== REQUIRED ACTION ==
Each line of the data below that contains "όσους" must be copied.

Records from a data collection

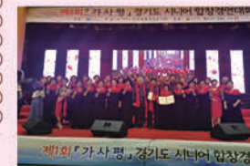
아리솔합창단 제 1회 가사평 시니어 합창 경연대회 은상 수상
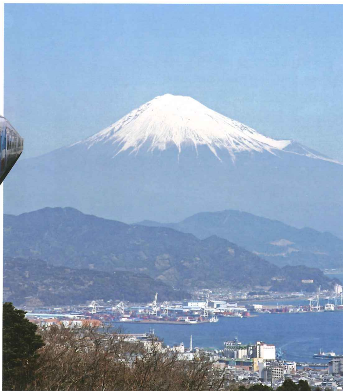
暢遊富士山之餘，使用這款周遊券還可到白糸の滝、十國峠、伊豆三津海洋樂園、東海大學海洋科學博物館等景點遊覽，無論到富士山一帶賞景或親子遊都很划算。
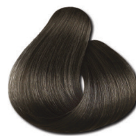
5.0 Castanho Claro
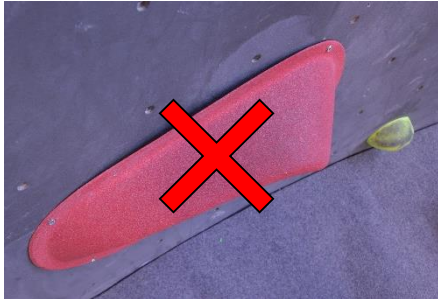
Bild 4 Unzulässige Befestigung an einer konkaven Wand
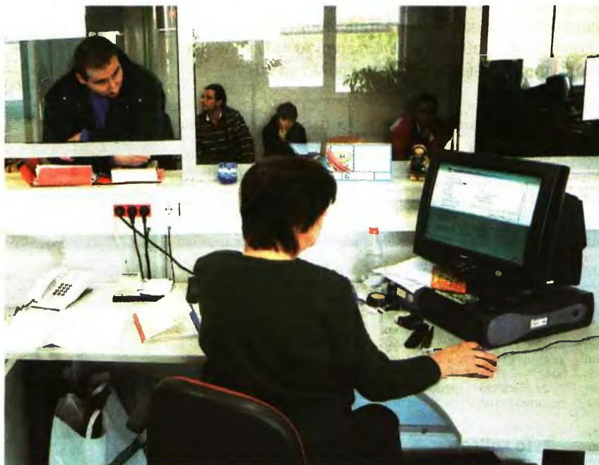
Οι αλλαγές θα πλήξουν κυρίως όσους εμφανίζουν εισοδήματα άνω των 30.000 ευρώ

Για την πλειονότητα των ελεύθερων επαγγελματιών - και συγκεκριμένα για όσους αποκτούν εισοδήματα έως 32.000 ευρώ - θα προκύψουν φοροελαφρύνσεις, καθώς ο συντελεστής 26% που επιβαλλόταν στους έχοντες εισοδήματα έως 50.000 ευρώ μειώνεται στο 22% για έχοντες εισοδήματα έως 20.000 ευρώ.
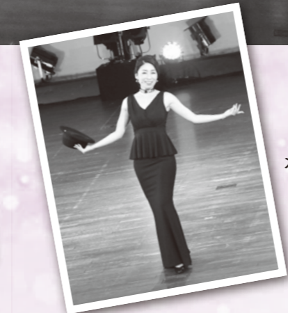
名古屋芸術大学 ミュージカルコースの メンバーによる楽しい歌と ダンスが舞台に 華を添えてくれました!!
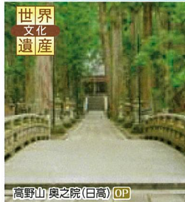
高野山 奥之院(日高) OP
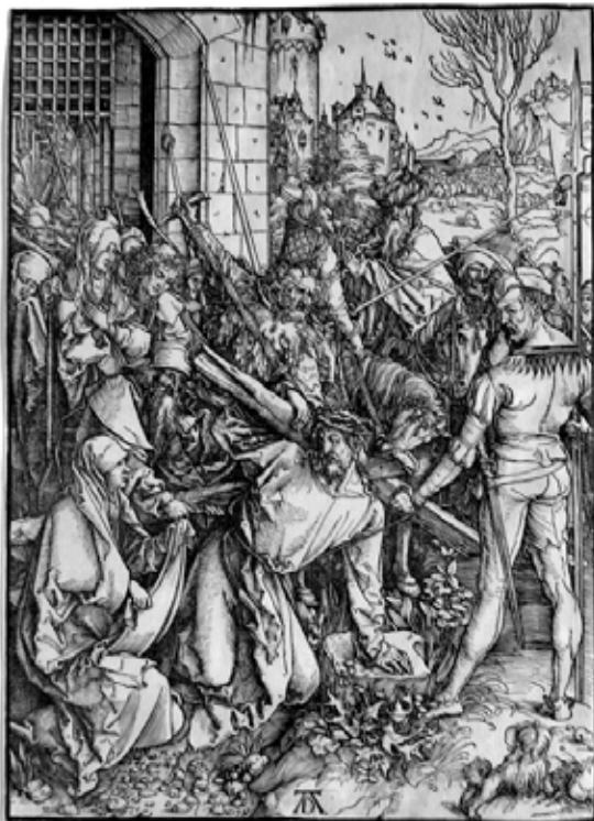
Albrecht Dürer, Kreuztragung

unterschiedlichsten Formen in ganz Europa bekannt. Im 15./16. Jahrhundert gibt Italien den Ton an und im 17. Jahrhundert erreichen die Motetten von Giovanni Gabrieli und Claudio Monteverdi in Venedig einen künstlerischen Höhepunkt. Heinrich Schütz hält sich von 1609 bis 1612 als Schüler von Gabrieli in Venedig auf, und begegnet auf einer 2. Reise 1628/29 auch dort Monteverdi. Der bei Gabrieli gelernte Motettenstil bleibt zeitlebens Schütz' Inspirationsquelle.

== YOUR RESPONSE ==
Οι αλλαγές θα πλήξουν κυρίως όσους εμφανίζουν εισοδήματα άνω των 30.000 ευρώ
Για την πλειονότητα των ελεύθερων επαγγελματιών - και συγκεκριμένα για όσους αποκτούν εισοδήματα έως 32.000 ευρώ - θα προκύψουν φοροελαφρύνσεις, καθώς ο συντελεστής 26% που επιβαλλόταν στους έχοντες εισοδήματα έως 50.000 ευρώ μειώνεται στο 22% για έχοντες εισοδήματα έως 20.000 ευρώ.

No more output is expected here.